3か月間のヒト組換えインターフェロンα-2βの導入は、マウス、ラット、ウサギにおける毒性の兆候を伴わなかった。. サルへの薬物の導入。 cynomolgus。 20・10の用量で毎日3ヶ月。⁶ ME / kg /日も毒性の顕著な兆候の出現にはつながりませんでした。. サルの用量を100・10に増やします。⁶ ME / kg / 3か月間の1日は毒性作用をもたらしました。.

非人間的な霊長類でインターフェロンを使用した研究では、月経の不規則性が観察されました。.

動物の生殖に対するインターフェロンα-2βの影響の研究結果は、ラットおよびウサギにおける催奇形性の影響の欠如を示しています。. この薬はまた、インターフェロンα-2βを投与されているラットの子孫の妊娠、胎児の発育、生殖機能に影響を与えません。.

サイコロの草について行われた研究は、高用量(推奨される90および180倍を超える)のインターフェロンα-2βの使用が流産を引き起こすことを示しています。.

関連する研究を実施する場合、インターフェロンα-2βの変異原性効果は確立されていません。.

1 ml / 1000万ME(1回分)、3 ml / 1800万ME(6回分300万ME)、2.5 ml / 2500万ME(5回分500万ME)のボトル。 1本の段ボールパック。.

1.2 mlのシリンジハンド。 (300万MEの6回の投与-1800万ME。; 500万MEの6回の投与-3000万ME。; 1000万MEの6回の投与-6000万ME。) プラスチック製の鍋に6本の針と6本のナプキンを入れます。; 段ボールパック1セット。.

妊娠中のインターフェロンα-2βの使用に関する臨床データはありません。.

動物の実験的研究では、生殖への毒性影響が確認されています。. 人のこのデータの値は不明です。.

妊娠中、イントロン。^® また、母親の治療の期待される利益が胎児の潜在的なリスクを超える場合にのみ使用されます。.

薬物イントロンの成分が区別されているかどうかは不明です。^® そして母乳で。.

母乳で育てられている乳児における薬物の望ましくない影響のリスクの可能性があるため、必要に応じて、母親での薬物の使用は母乳育児をやめるべきです。
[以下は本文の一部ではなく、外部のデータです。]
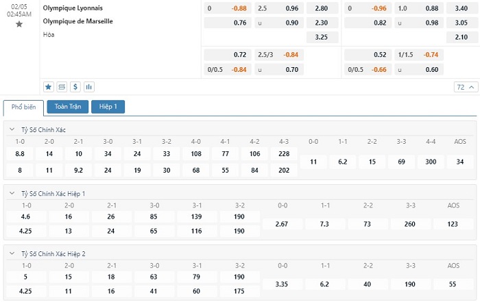Xem tỷ lệ kèo cá cược bóng đá trực tuyến Olympique Lyonnais vs Marseille

.

• B18.0デルタ剤を含む慢性ウイルス性B型肝炎。
• B18.2慢性ウイルス性C型肝炎
• B21.0カポジ肉腫の症状を伴うHIV関連疾患。
• C43悪性黒色腫の皮膚。
• C46サルコマカポジ。
• C64腎骨盤を除く、悪性腎腫瘍。
• C77リンパ節の二次および不特定の悪性腫瘍。
• C78.7二次悪性肝腫瘍。
• C82 ⁇ 胞性[結節性]非ホジキンリンパ腫。
• C85.0リンパ肉腫。
• C91.4毛髪衛星白血病。
• C92.1慢性骨髄性白血病。
• D09カルチノーマin situその他の特定されていないローカリゼーション。
• J38.1。. 声の折り目と喉頭のポリープ。